Читаем Сын капитана Алексича полностью

И, уложив нас спать, она всю ночь не выходила из нашей спальни. Мы спали еще неспокойно в ту первую мирную для нас ночь. Ни тогда, ни потом, много позднее, не могли мы забыть пустынных улиц Ленинграда, над которыми зловеще гудели самолеты и гул артобстрелов, казалось, потрясал стены домов…

Многие кричали со сна, вскакивали, порывались бежать куда-то, звали маму, плакали.

А она была все время рядом, садилась на край постели, проводила рукой по лбу, по голове, натягивала повыше одеяло, говорила какие-то тихие, успокаивающие слова…

Она решительно не умела никому ни в чем отказать. Сколько раз Федор Кузьмич упрекал ее за безволие и слабость, когда в дни получки она щедро раздавала деньги направо и налево, одалживая всем, кто ни попросит, — подавальщицам, няням, повару и даже дворнику Матвею, отличавшемуся неистребимым пристрастием к водке.

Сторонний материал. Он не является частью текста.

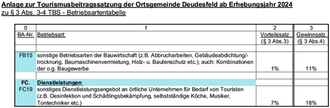 Die Anlage zur Tourismusbeitragssatzung – Betriebsartentabelle zu § 3 Abs. 3 und 4 TBS – der Ortsgemeinde Deudesfeld wird wie folgt neu gefasst:
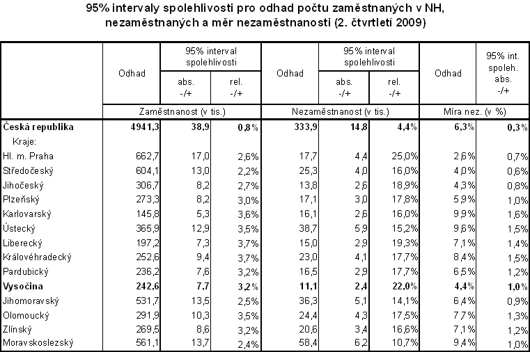 Pro všechny charakteristiky výběrového šetření je možné konstruovat 95% interval spolehlivosti, tedy interval, v němž s 95% pravděpodobností leží skutečná hodnota odhadované charakteristiky. Například skutečná hodnota míry nezaměstnanosti v ČR ležela při odhadu 6,3 % s 95 % pravděpodobností v intervalu ± 0,3 %. Velikost intervalu je ovlivněna jak četností zjišťované charakteristiky v rámci jednotlivých krajů, tak i velikostí výběrového souboru v rámci kraje. V uvedeném období odhadovaná míra nezaměstnanosti v hlavním městě Praze 2,6 % ležela s 95% spolehlivostí v intervalu ± 0,7 %. V kraji s nejvyšším odhadem míry nezaměstnanosti – Karlovarském (9,9 %) byl 95% interval spolehlivosti ± 1,6 %. Velikost intervalu spolehlivosti pro odhad základních charakteristik je zřejmá z následující tabulky.

Став старше, мы научились играть на «струнах ее души», как говорил Егор Мальков.

Бывало, Егор или Сергей, завзятые киношники, бродят вокруг Надежды Поликарповны, молча вздыхая, и только поглядывают на нее страдальческими глазами.

— Что еще такое? — не выдержав, спросит она.

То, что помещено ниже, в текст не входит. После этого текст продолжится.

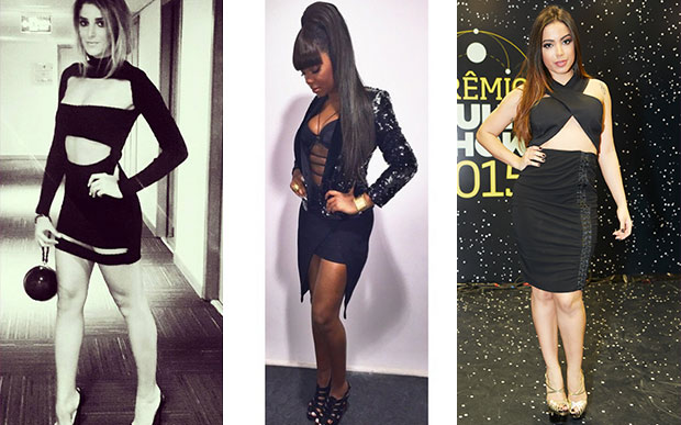 Pretinhos básicos – e poderosos! A apresentadora Rafa Brites usou um vestido de gola alta todo recortado e finalizou a produção com uma clutch metalizada. Ludmilla apostou no body com transparências junto com a saia básica e se jogou no brilho do blazer todo bordado. Anitta divou no Dolce & Gabbana transpassado no peito – para completar, sandália dourada.

— Сегодня очень хорошая картина, — тихо, заученным грустным голосом говорит Сергей. — Говорят, просто замечательная…

— Так вы же были в кино три дня назад, — отвечает Надежда Поликарповна, заранее сдаваясь…

— Так то три дня назад, — вставляет Егор. — А сегодня совсем другая картина…

В конце концов она отправлялась к Федору Кузьмичу и долго, горячо доказывала ему, что детям нужны развлечения, что им и так непомерно много досталось и что она ручается — картина хорошая и полезная, да-да, очень даже полезная.

Сраженный ее доводами, а скорее просто настойчивостью, Федор Кузьмич устало махал рукой:

— Идите, что с вами поделаешь…

Я смотрю на ее немного скуластое, широкое, порядком уже постаревшее лицо и думаю о том, что, должно быть, новые обитатели «Розы ветров» хорошо изучили Надежду Поликарповну и, так же как мы когда-то научились, умеют играть на струнах ее души.

— Где Федор Кузьмич? — спрашиваю я.

— Не дождался тебя и пошел на Сухую балку.

— На Сухую балку? — удивляюсь я. — Что он там делает?

— То, что находит нужным, — отрезает Надежда Поликарповна.

Видно, до сих пор не может простить мне моей неточности.

Я наскоро обедаю и отправляюсь к Федору Кузьмичу на Сухую балку. Ведь я приехал специально для того, чтобы побывать на встрече друзей, через два дня мне уже надо уезжать обратно, а мы с ним еще по-настоящему и поговорить-то не успели.

Я иду улицей Чехова — окраинной улицей города — и выхожу к картофельному полю. За полем будет березовая роща, за рощей — Сухая балка.

Двое мальчиков идут позади меня — маленький и постарше.

— Курит, — говорит старший.

— Спичку бросил, — говорит маленький.

Я оборачиваюсь и спрашиваю:

— Кто вы такие, ребята?

Маленький прячется за спину старшего. Старший заливается румянцем так, что кажется, даже выгоревшие его волосы краснеют.

Однако он смело встречает мой взгляд.

— Мы из Ерусалимской слободы.

Это совсем другой конец города.

— Далеко забрались, — говорю я.

Ребята глядят на меня не спуская глаз. Маленький то выглянет из-за спины старшего, то спрячется.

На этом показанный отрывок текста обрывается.